摘要
多囊肾疾病(polycystic kidney disease, PKD)是一组常见的以双肾形成多个进行性增大囊肿为主要特征的单基因遗传病。根据遗传特征不同,可以分为常染色体显性多囊肾(Autosomal dominant polycystic kidney disease, ADPKD)和常染色体隐性多囊肾(Autosomal recessive polycystic kidney disease, ARPKD)。ADPKD主要由PKD1和PKD2两个基因突变引起,基因产物分别为Polycystin-1 (PC1)和Polycystin-2 (PC2); ARPKD则由PKHD1基因突变引起,基因产物为Fibrocystin/Polyductin (FPO)。PKD1、PKD2和PKHD1的小鼠同源基因PMd1、Pkd2和Pkhd1都已被克隆,两者之间具有高度的保守性,这些基因的突变也能导致小鼠多囊肾。
本研究首先建立了一个新型的Pkhd1基因敲除小鼠模型,该模型能很好的模拟人类ARPKD。结合实验室前期已经建立的Pkd2基因敲除小鼠,发现Pkhd1和Pkd2的双突变小鼠比单个基因突变表现出更为严重的症状,提示ARPKD和ADPKD这两类具有不同遗传特征的疾病可能具有分子水平的相互关系。进一步研究发现,FPC和PC2在体内能形成一个分子复合体,这一复合体的形成是通过FPC的胞内羧基末端和PC2胞内氨基末端直接相互作用实现的。FPC的缺失能引起PC2蛋白表达的下降,并能显著降低PC2的离子通道活性,然而PC2的缺失并不影响FPC的表达。这一研究表明,FPC和PC2在体内形成一个分子复合物,并于同一分子通路参与肾内管道结构的形成。

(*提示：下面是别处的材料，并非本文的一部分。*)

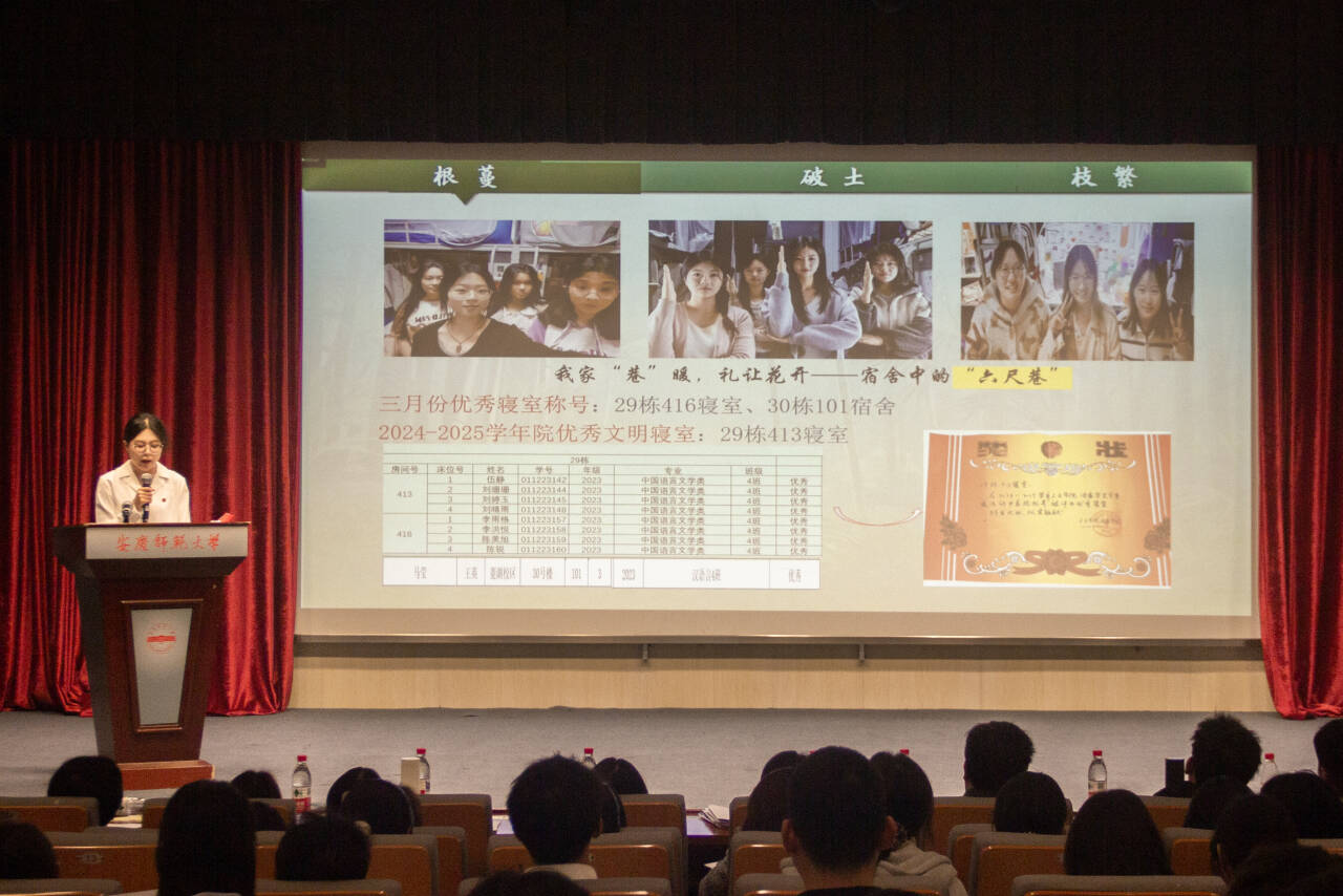 各班围绕班级管理、学风建设、文化营造、志愿服务等方面,结合专业特色,全面呈现班级建设成果。汇报现场亮点纷呈,特色鲜明。2023级汉语言文学专业(7)班以“思想引领+集体聚力”为主线,通过党团建设、主题班会带动班级同学学科与文体竞赛参与率实现100%;2023级历史学专业(2)班发起“校史讲述人”系列活动,实现专业学习与服务实践深度融合;2024级汉语言文学专业(2)班实施“班委轮讲制”,定期总结班务、共商发展计划,推动集体议事成为凝聚共识的重要机制;2024级汉语言文学文典班以员工学术能力锻炼为例,彰显了班级学风建设实效。

除了PKD1, PKD2和PKHD1,目前已在人和其他动物体内克隆了至少20个多囊肾相关基因。Bicc1,果蝇双尾C (Bic-C)基因的同源基因,是一个小鼠多囊肾致病基因。Bpk (BALB/c polycystic kidneys)和Jcpk (Juvenile congenital polycystic kidney),这两个分别通过自发突变和人工诱变产生的多囊肾动物模型,都由该基因突变引起。Biccl普遍存在于从线虫到人类的各个物种,并且其序列高度保守。在果蝇等低等动物的研究发现,Bic-C是一个具有RNA结合活性的转录后基因表达调控因子。尽管Biccl的多囊肾动物模型为其体内功能研究提供了一些线索,然而Biccl的细胞生物学功能还完全未知。本研究通过建立IMCD细胞的稳定干涉细胞株,发现Biccl为IMCD细胞在三维培养条件下形成管状分支结构所必须,抑制Biccl的表达导致以E-cadherin为基础的细胞连接异常以及纤毛发生障碍,同时细胞的增殖、凋亡和细胞骨架也出现异常。这一研究初步揭示了Biccl的细胞生物学功能,为进一步探寻该基因在体内的功能及多囊肾的发病机制奠定了基础。
Polycystic kidney disease (PKD) is a group of monogenic disorders that result in renal cyst development. Based on different patterns of inheritance, there are two kinds of PKD, Autosomal dominant PKD(ADPKD) and autosomal recessive PKD(ARPKD). Approximately 85% of ADPKD patients have mutations in the PKD1 gene, which encodes polycystin-1 (PC-1). About 15% of ADPKD cases have mutations in the PKD2 gene, which encodes polycystin-2 (PC-2). Fibrocystin or polyductin(FPC), the poduct of PKHD1 gene, is the only identified ARPKD disease gene. Pkdl, Pkd2 and Pkhdl is the mouse homolog of PKD1, PKD2 and PKHD1 respectively, whose mutation also cause mouse polycystic kidney disease.
In the current study, we generate a new mouse model by disrupting Pkhdl, which perfectly recapitulates the human ARPKD phenotype. Transmutant mice for Pkhd1 and Pkd2 displayed a significantly more severe renal cystic phenotype than single mutant mice, indicating a molecular relationship between ADPKD and ARPKD. More detailed research found that FPC physically interacts with PC2 and that lack of FPC destabilizes PC2 expression in vivo but not vice versa, suggesting that PC2 functions immediately downstream of FPC. In addition, inhibition of FPC expression reduces Pkd2-channel activity, we conclude that a functional and molecular interaction exists between FPC and PC2 in vivo.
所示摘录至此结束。